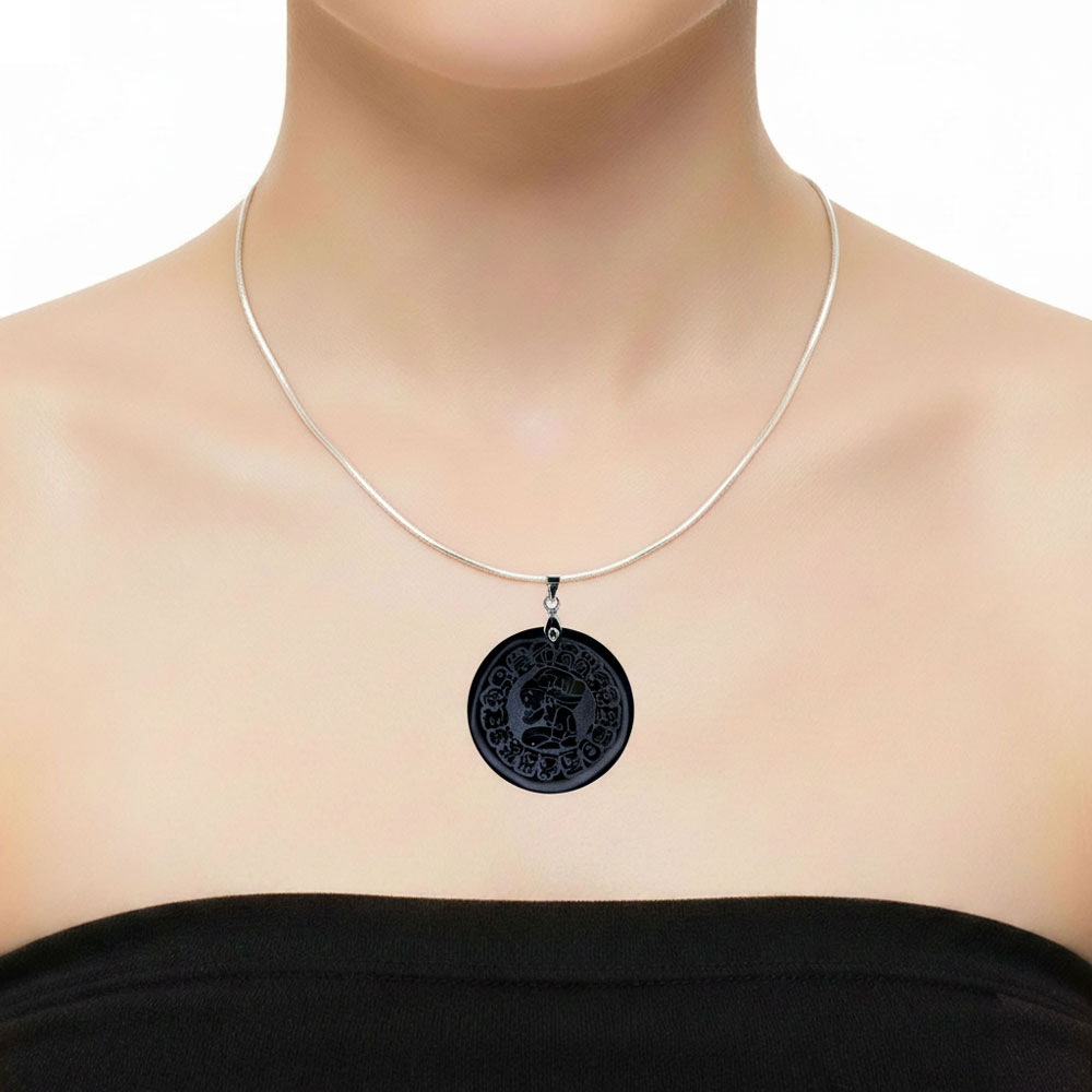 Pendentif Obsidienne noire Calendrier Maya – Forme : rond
____
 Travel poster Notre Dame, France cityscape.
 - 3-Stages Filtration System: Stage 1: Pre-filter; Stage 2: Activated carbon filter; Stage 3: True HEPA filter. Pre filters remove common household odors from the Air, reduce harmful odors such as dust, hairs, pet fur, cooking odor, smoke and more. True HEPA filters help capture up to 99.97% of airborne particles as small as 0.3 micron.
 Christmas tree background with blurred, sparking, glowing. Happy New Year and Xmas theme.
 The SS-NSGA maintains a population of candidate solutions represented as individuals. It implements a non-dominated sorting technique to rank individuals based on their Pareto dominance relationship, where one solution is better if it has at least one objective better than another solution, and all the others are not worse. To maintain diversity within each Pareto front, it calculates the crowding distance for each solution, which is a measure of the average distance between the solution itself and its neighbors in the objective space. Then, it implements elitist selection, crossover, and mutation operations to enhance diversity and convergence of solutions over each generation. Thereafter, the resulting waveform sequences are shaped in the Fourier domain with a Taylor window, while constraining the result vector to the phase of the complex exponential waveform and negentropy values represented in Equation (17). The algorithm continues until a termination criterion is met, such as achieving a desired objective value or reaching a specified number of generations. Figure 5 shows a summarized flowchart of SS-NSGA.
____
### Work instruction
The response should be the listing above, limited to the lines between the one holding "Travel poster Notre Dame, France cityscape." and the one holding "Christmas tree background", inclusive, reproduced exactly.

### Result for this task
 Travel poster Notre Dame, France cityscape.
 - 3-Stages Filtration System: Stage 1: Pre-filter; Stage 2: Activated carbon filter; Stage 3: True HEPA filter. Pre filters remove common household odors from the Air, reduce harmful odors such as dust, hairs, pet fur, cooking odor, smoke and more. True HEPA filters help capture up to 99.97% of airborne particles as small as 0.3 micron.
 Christmas tree background with blurred, sparking, glowing. Happy New Year and Xmas theme.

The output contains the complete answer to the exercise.